Dear Casy, elders all over the world are noted for exemplary ethical standard of behaviour which, naturally, attracts to them respect anytime, anywhere. But when such exemplary behaviour is absent from elders, what we get in return are, to wit: (1) respect disappears; (2) social values crumble; (3) society decays; (4) the concomitant obnoxious effects become stratospheric. When you juxtapose the above scenario with the situation where the APC elders, contained in your piece, some of whom have not gone beyond their ethnic cocoons, have reduced themselves to the point of squealing more than the proverbial millipede that they stepped upon in the last elections, we need no tutorials to understand that, when these set of elders surround the new president when he assumes office, Nigerians will be in for another round of socio-economic and political slavery. Very unfortunate!

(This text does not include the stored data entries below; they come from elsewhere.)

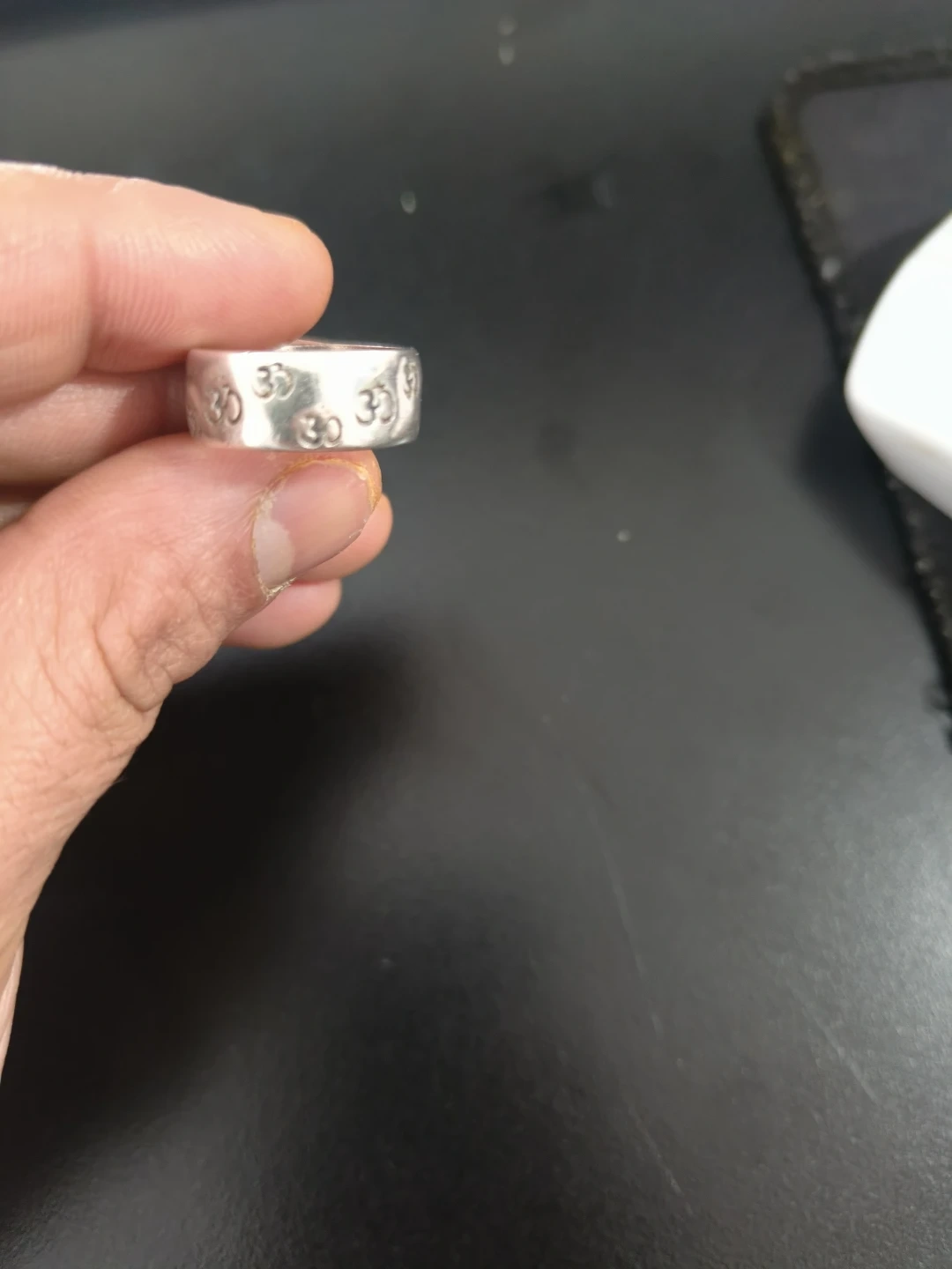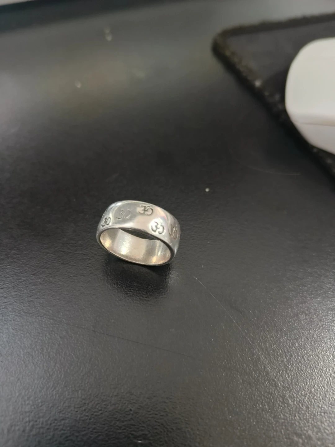 This is a sterling silver ring featuring an OM symbol design. The band is silver coloured. It's a nice piece for everyday wear. Prefer Cash, and want to settle today. Thank you!
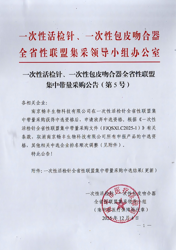 各相關(guān)企業(yè): 南京暢豐生物科技有限公司在一次性活檢針全省性聯(lián)盟集中帶量采購(gòu)獲得中選資格后,申請(qǐng)放棄中選資格。根據(jù)《一次性活檢針全省性聯(lián)盟集中帶量采購(gòu)文件(FJQSXLC2025-1)》?有關(guān)條款,取消南京暢豐生物科技有限公司所有申報(bào)產(chǎn)品的中選資格,其他相關(guān)中選企業(yè)排名順次調(diào)整(?見附件)?. 特此公告!
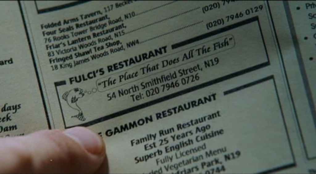 “Shaun Of The Dead” is a film full of Easter eggs (this may not even be the only one we see in this list) but here’s one I saw go over a lot of peoples heads, The name of the restaurant is ‘Fulci’s restaurant’, a reference to the “Godfather Of Gore” Lucio Fulci.
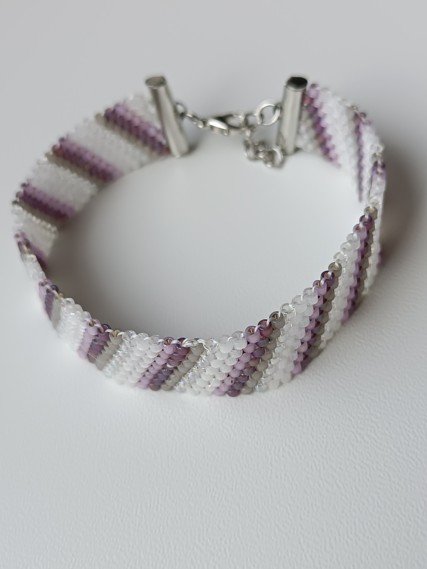 Materiál: korálky miyuki delica 10/0, zakončení a zapínání je z bižuterních komponentů

– Steve Okoye, Awka, 08036630731

Igbokwe, I’m just sick, concerning the ethnic slurs against the Igbo, and other ‘nyamiris’ in Lagos. Please can somebody give me a reason why Nigeria should not disintegrate? Look, Lagos was developed with Ogoni and Niger Delta oil & gas money, so what are those few Yoruba ethnic irredentists ranting about? So if we should copy those unrepentant few Yoruba ethnic irredentists, Lagos will be paying reparations to Ogoniland and the Niger Delta. Instead of spilling blood, let’s go our separate ways peacefully and we can have diplomatic relations.